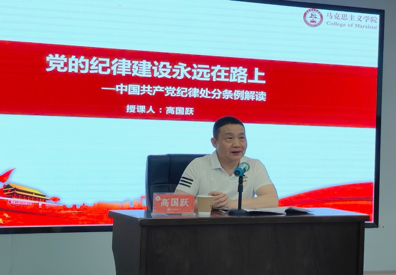 开班式后,高国跃教授以“党的纪律建设永远在路上”为主题,深入解读《中国共产党纪律处分条例》,他围绕着党的纪律的概念、党的纪律的形成、党的纪律的建设、条例修订的重要意义四个方面旁征博引,将正面引导和反面警示有机结合,通过丰富的案例支撑,深入浅出地讲述了党纪学习教育的重要意义,引导全体党员学纪、知纪、明纪、守纪。他指出,党的纪律无处不在,党员要习惯在党纪的约束下工作和生活,要以党的纪律来规范自身言行,把遵规守纪刻印在心,内化为言行准则,进一步加强自我约束,强化纪律意识。
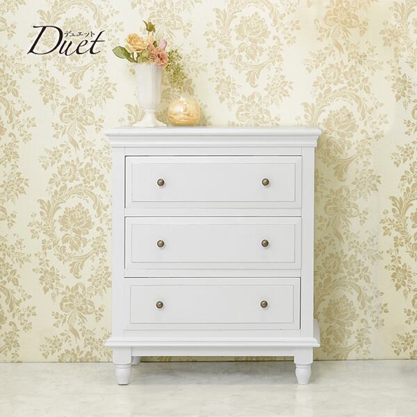 ところどころに剥がし塗装を施したシャビーテイストなシンプルデザインのワイドチェスト
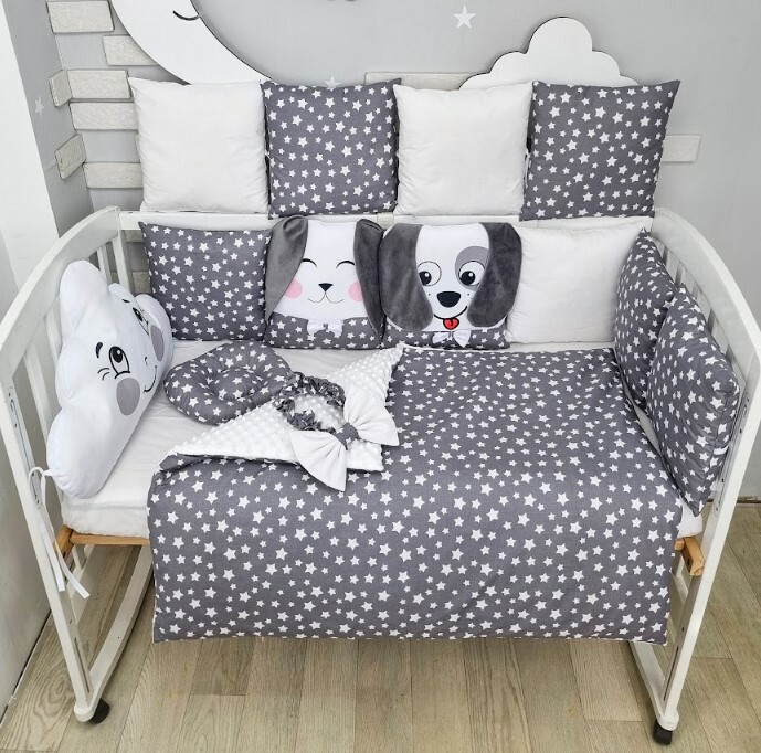 Juno, інтернет-магазин дитячих товарів / Товари / Комплект постільної білизни в дитяче ліжечко Графітовий NEW

----

Please reproduce the lines above from the one containing "ところどころに剥がし塗装を施" through the final line, exactly and inclusively, leaving out each picture.

 ところどころに剥がし塗装を施したシャビーテイストなシンプルデザインのワイドチェスト
 Juno, інтернет-магазин дитячих товарів / Товари / Комплект постільної білизни в дитяче ліжечко Графітовий NEW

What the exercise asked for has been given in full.